The patients underwent the clinical protocols currently used for dementias and were diagnosed according to the WHO 1998 criteria or the updated criteria by Zerr et al. [51] for CJD. The clinical pictures of the 4 cases were also interpreted based on the proposed new criteria for the diagnosis of prion diseases published on the UK CJD Surveillance website, last updated in January 2017 [27]. Neuropsychological assessment of Case 2 was performed using Milan Overall Dementia Assessment (MODA) [4]. EEGs were standard exams (duration 30–60 min) in all patients. All MRI were performed at 1.5 T scanners. The DWI sequences were performed in Cases 1 and 3. ADC maps (of Case 1 and 3) confirmed restricted diffusion in the hyperintense areas seen in DWI acquisitions. The MRI of Case 2 didn’t include DWI sequences. 14–3-3 was analyzed in CSF samples by Western blot with the pan 14–3-3 H-8 antibody (Santa Cruz Biotechnology, Santa Cruz, CA). CSF levels of total tau and phosphorylated tau were measured by ELISA (INNOTEST®, Innogenetics), according to the protocol provided by the manufacturer.

Genetic studies

DNA was extracted from peripheral blood lymphocytes.

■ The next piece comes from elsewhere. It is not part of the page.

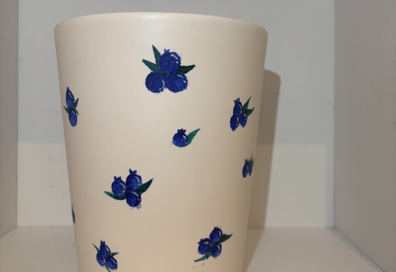 En otroligt fin kruka med handmålade blåbärs motiv som passar i allas hem. För att köpa våra krukor så skriver man till våra sociala medier Paintedpots.uf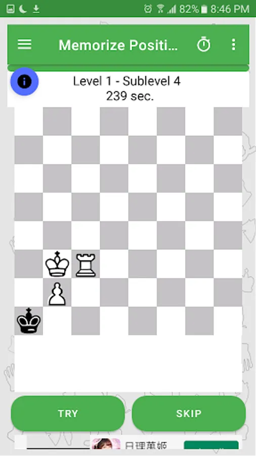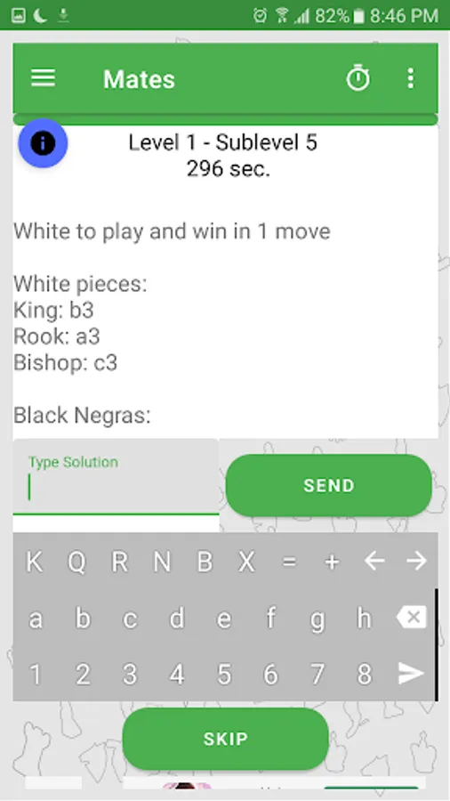 When the game is completed including the timer, a complete chess game will be displayed, and your chess level will rise a lot because you will no longer give away pieces, you can play against opponents without using a board and you can read chess books easily.

Sequence analysis of full-length coding region of PRNP, microtubule-associated protein Tau (MAPT), exons 16 and 17 of amyloid-beta precursor protein (APP) and Presenilin 1 and 2 (PSEN1 and PSEN2) genes was performed by Sanger sequencing using an ABI 3130xl DNA Analyzer (Applied Biosystems). The presence of the V189I mutation in the PRNP gene (Fig. 2) was confirmed by restriction fragment length polymorphism analysis; briefly, a 448 bp region was amplified by PCR using the primers 5’-CAACATGAAGCACATGGCTGGT-3′ and 5’-CCTTCCTCATCCCACTATCAGG-3′, the PCR product was digested by BstEII restriction enzyme (NEB) and resolved by electrophoresis on 2% agarose gel (Fig. 2b). We explored the recurrence of this mutation by consulting the Exome Aggregation Consortium (ExAC) database [26] and found that the V189I PRNP variant is not reported.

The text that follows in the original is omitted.